The program itself does not include any in-person elements, but CM Incentives may be tied to certain services furnished in-person by another provider, which could include a Customer, that bills federal healthcare programs.
According to OIG, the program involves two streams of remuneration that could incentivize a member to receive a federally billable service and that must be evaluated — one to the Customer and one to the patient. In concluding that the program poses minimal risk under the federal Anti-Kickback Statute and the beneficiary inducement prohibition under the Civil Monetary Penalty Statute, two laws aimed at curtailing fraud and abuse under Medicare, Medicaid, and other federal healthcare programs, OIG focused on four key factors.

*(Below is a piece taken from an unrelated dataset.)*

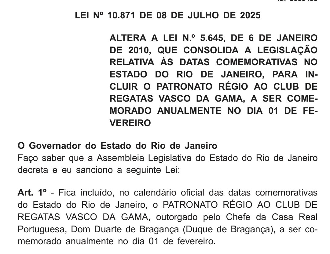 Dia do Patronato Régio no Club de Regatas Vasco da Gama, 1º de fevereiro, é oficializado como data comemorativa no calendário do RJ. quinta-feira, 10/07/2025 às 04:33 — Em Últimas notícias

- Evidence-Based Program. The program is consistent with evidence-based research funded by the National Institutes of Health and principles for the effective treatment of substance use disorders published by the National Institute on Drug Abuse. Additionally, the program has been funded by government-sponsored grants and used as a research platform by university-affiliated research groups, and contingency management has been determined by such groups as “a highly effective, cost-efficient treatment for individuals with substance use disorders” and not “an inducement to seek, or a reward for having sought, a particular federally reimbursable treatment.”
- Low Risk of Overutilization. The program poses low risk of overutilization because the CM Incentives given to enrolled individuals have a relatively low value, and some are not associated with federally payable services (e.g., self-administered drug testing). Further, the Requester is not enrolled as a provider or supplier in, and does not bill, any federal healthcare program.
- Not an Inducement to General Referrals. The risk is low that Customers would use the program to generate business or reward referrals as Customer fees are not based on the volume or value of any federally reimbursable services and the Company is not enrolled as a provider or supplier in any federal healthcare program.
- Appropriate Safeguards in Place. The safeguards developed by the Company, which include the Company (an entity that does not bill federal healthcare programs) determining the types of services each enrolled individual needs and the appropriate CM Incentives for those services, minimize potential risk that the program would be misused.
The opinion signals OIG’s willingness to acknowledge that the benefits associated with improved patient treatment outcomes can outweigh potential healthcare fraud and abuse risk if appropriate safeguards are implemented. Notably, while OIG advisory opinions like the one at issue here are limited to the specific arrangement at issue in the opinion, they serve as important guidance to the industry. Consumer protection and state laws governing kickbacks, among others, may also be relevant to consider when establishing revenue and patient incentive models, depending on the facts and circumstances.
This post is as of the posting date stated above. Sidley Austin LLP assumes no duty to update this post or post about any subsequent developments having a bearing on this post.